Dois entrevistados nas minhas pesquisas para “Nem vem que não tem: A Vida e o Veneno de Wilson Simonal” morreram hoje.

Paulo Vanzolini,genial sambista e zoólogo reconhecido, dias antes do meu deadline, deu uma entrevista ao Estadão dizendo que Simonal era, sim, delator, que “todo mundo sabia” o nome dos artistas que o cantor havia delatado ao DOPS durante os anos de chumbo. Imediatamente, procurei Vanzolini, que sustentou sua declaração, embora tenha se queixado de não ter sido informado que as câmeras do Estadão estivessem ligadas. Apesar de prestativo, não soube me dar a informação mais importante: o nome de ao menos um artista que tivesse sido delatado por Simonal. “Não era assim”, ele disse. “Era sempre uma coisa vaga. Mas o meu primo, o radialista Henrique Lobo, com certeza saberia o nome de alguém. Só que ele já morreu. Raul Duarte também saberia. Só que ele também já morreu.”

Saulo Ramos, o jurista, consultor geral da República e ministro do governo de José Sarney, me recebeu em sua enorme casa em Ribeirão Preto. Levei a ele as 600 páginas do processo que condenou Simonal à prisão em 1974 e que começou com o “sequestro e tortura” de seu contador Raphael Viviani três anos antes. Saulo leu, leu, leu, leu tudo atentamente, na minha frente, comentando os trechos mais curiosos até que, num rompante, me perguntou:

“Ricardo, quantos foram os acusados?”
“Cinco, eu respondi.

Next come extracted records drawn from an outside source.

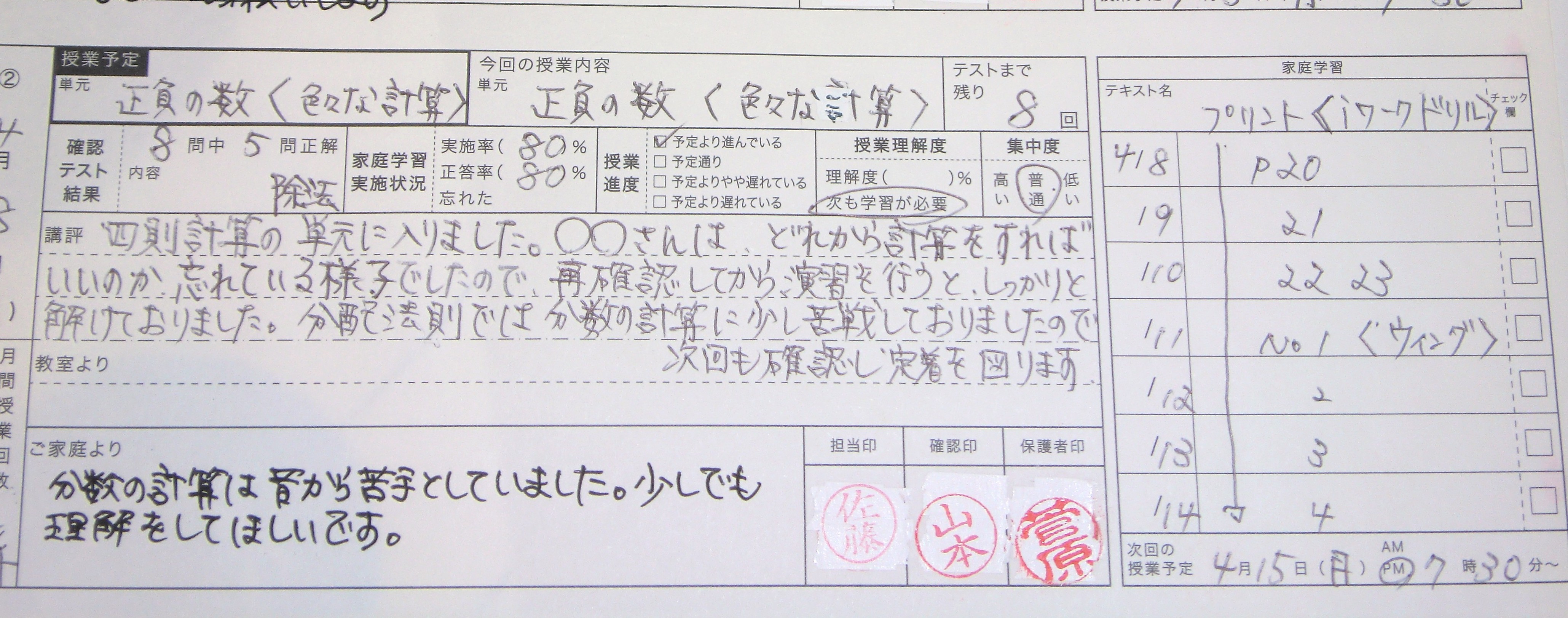 ノートにポイントを書いてくれるので、家での復習もかなりやりやすいです。点数も90点以上取れるようになり自信もついてきました。これからも頑張りたいです!
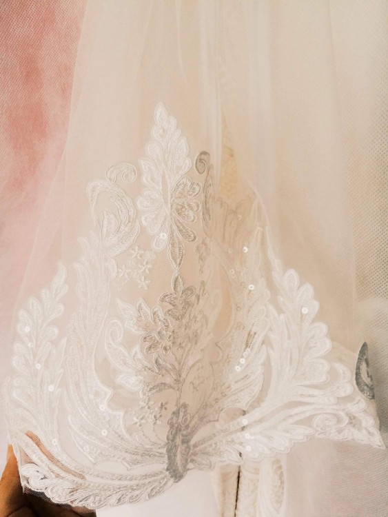 Oryginalna koronka, perełkowe zdobienia, plecy zapinane na guziczki, tren i długi welon.
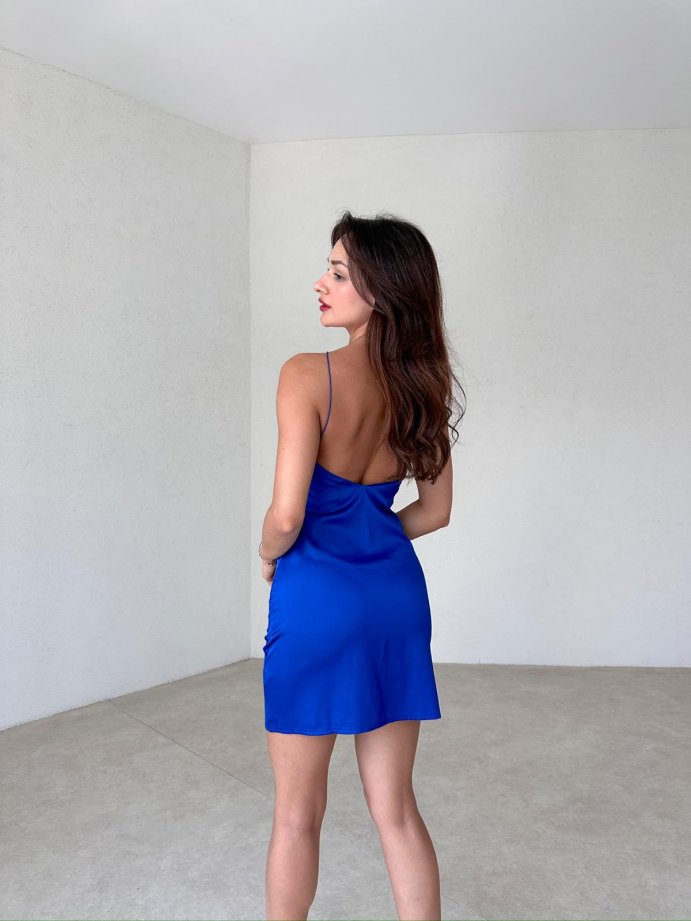 FERLİNDA Mini Elbise 3748 - Saks Mavisi
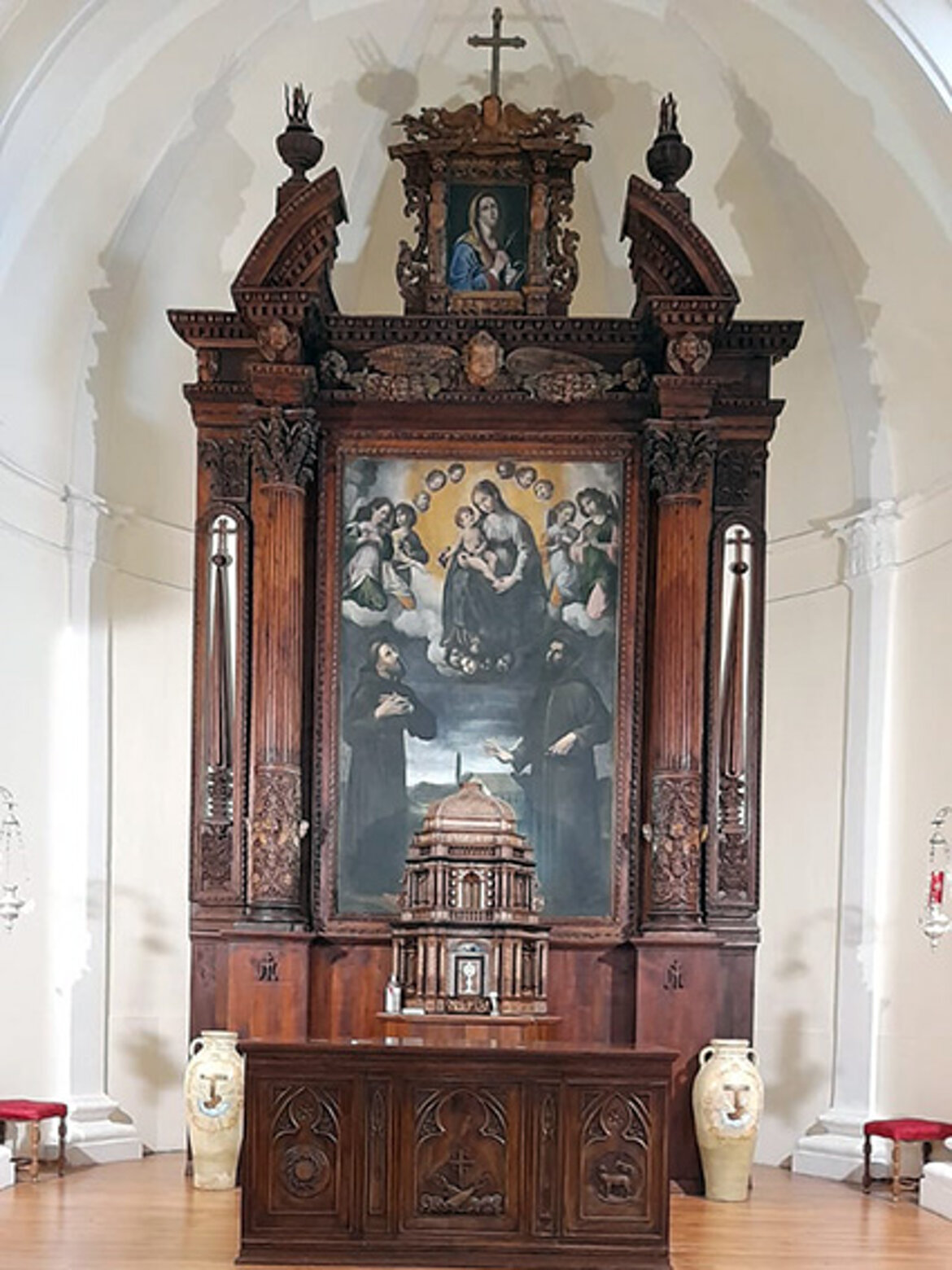 Sul finire egli anni 1970 si eseguirono altri lavori di miglioria, ristrutturando l’interno della Chiesa, compreso il Sancta Sanctorum, con pitture nell’abside dell’artista C. Colucci, arredandolo di un “nuovo altare liturgico e il pavimento in marmo ‘montecitorio’. Come pure l’ex cappella del Crocefisso, dove venne collocato l’altare ligneo settecentesco con la pala raffigurante la “Madonna degli Angeli sormontata da una ‘Addolorata’ rinascimentale, restaurate dall’artista prof. Demetrio” (L Pera).
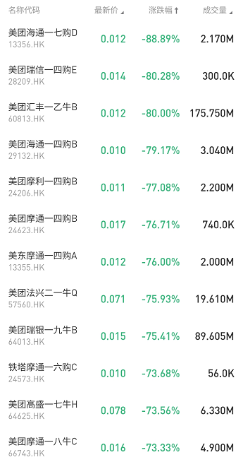在今日跌幅榜中,美团海通一七购D跌88.89%;美团瑞信一四购E跌80.28%。
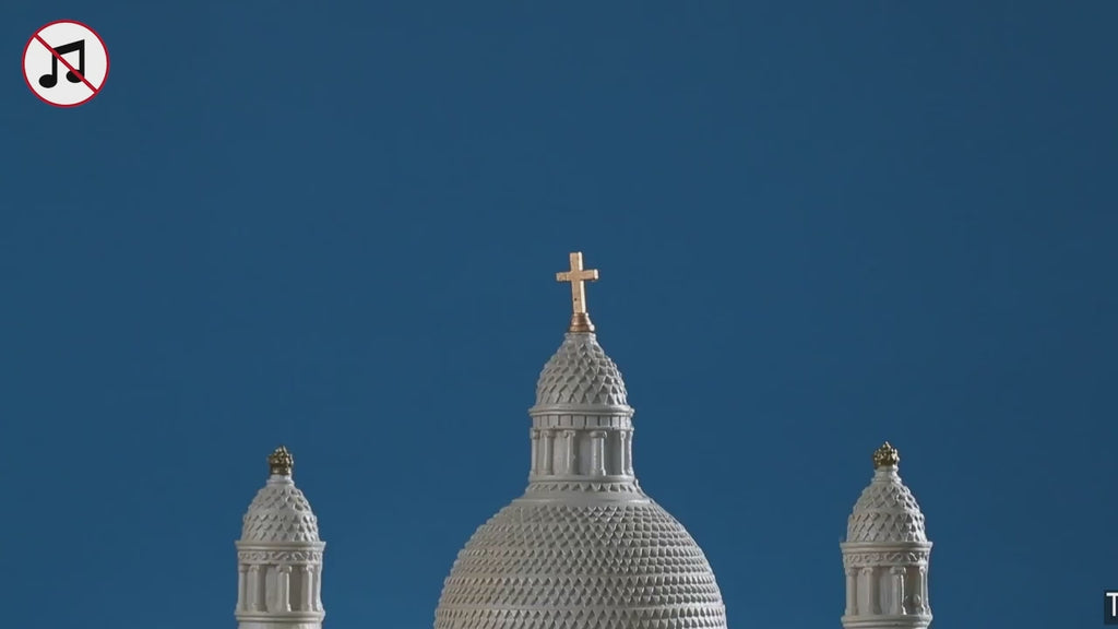 This image features an intricately designed miniature cathedral, reminiscent of grand historic basilicas. The structure is adorned with multiple domes and spires, each topped with ornate finials, and the central dome is crowned with a cross. The cathedral's facade is rich in detail, featuring statues, decorative elements, and beautifully arched windows inset with colorful stained glass.

Três policiais, o Simonal e o motorista do Simonal”.
“E quantos foram condenados?”, ele quis saber.
“Três”, eu respondi. “Dois dos policiais menores e o Simonal”.
“E quantos foram pra cadeia?”, ele perguntou.
“Só o Simonal”, eu disse.

“Então ele não era colaborador do regime militar”, Saulo Ramos disse, fechando a pasta com convicção (depois ele reabriria). “Eu GARANTO pra você que um colaborador do regime militar nunca seria preso, nunca seria condenado nem em processo de adultério”.

Um garantia de um lado, outro garantia de outro. Que garantia temos nessa vida? Dois grandes caras, Paulo Vanzolini e Saulo Ramos, que descansem em paz.